Christopher mentioned about grids being used in print design and maybe this post could be used as an intro to an article about print design?

Anyways, beautifull work, like the grid image very much :)

19   Phil ~ 19 December 2006

Excellent! I literally just opened Photoshop to start a new design for a client. What timing!

20   Manny Hernandez ~ 19 December 2006

Very handy grid!

I can definitely say I enjoyed your talks at Web Design World in Boston.

Hope you are able to consider the opp. to be a part of our advisory board back in Full Sail at some point in the future.

21   tripdragon ~ 20 December 2006

All of this and that about formating. When the client just wants t done and done pretty. And with flash and style and they still really dont care about getting on pdas

Weird eh

22   Ian Adams ~ 09 January 2007

You know, I actually ended up at 932px for my site’s new design. The two factors that led to that width was that I position my Dock on the right of the screen, and that I also left a little room for the scroll bar.

Still, though, it looks like a handy resource! I’ll have to give it a whirl on my next project. :)

23   Ren ~ 21 January 2007

Great post — I really appreciate what you do for the design community.

I don’t know what caused it, but if you view the image in Safari and then right click to save the image, the measurements won’t line up. If you just right click the link and save the image directly everything should look good when you open it up in PS.

Hopefully that saves someone a bit of trouble :)

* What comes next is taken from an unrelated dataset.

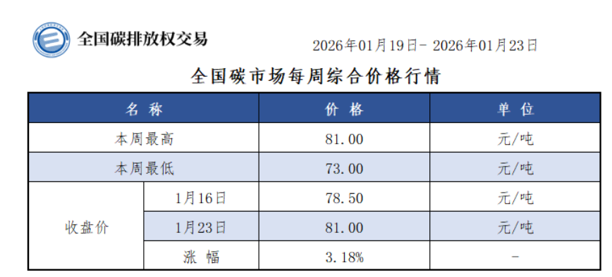本周全国碳市场综合价格行情为:最高价81.00元/吨,最低价73.00元/吨,收盘价较上周五上涨3.18%。

24   Paul L. ~ 07 February 2007

In addition to Mr. Fahey’s comments, one should also remember that many grid systems used in print are based on the geometry of the “golden rectangle” and the ISO paper system. They aim to utilize the inherent relationships found between objects arranged on a page as they relate to one another and the golden rectangle itself.

25   sissT ~ 10 April 2007

Great post and thank you for the image. This is a great help!
I am thinking about the ruler though. It is based on a “normal” ruler a 10px grid with 10 subdivisions.
My designs are usually based on a 16px grid with 4 subdivisions. So for me i would be much easier to have a ruler based on 16px. So i took your image and changed the ruler to a 16px-based ruler.
If anybody is interested you will find it @

26   Redirect ~ 15 April 2007

thanks for grid ;)

27   Robert ~ 18 April 2007

Thank you for the excellent work.

28   Mark ~ 27 June 2007

What resolution did you use when you made that image? Not only does it appear to be a little blurry, but the lines in the image do not line up with the pixel ruler in Photoshop. Just curious.

29   Mark ~ 28 June 2007

Do these spammers understand what rel=”nofollow” means or even does? This is to all spammers, everywhere: STOP. WE DON’T CARE ABOUT YOUR LAME PRODUCTS. YOU SUCK AT LIFE. DEAL WITH IT.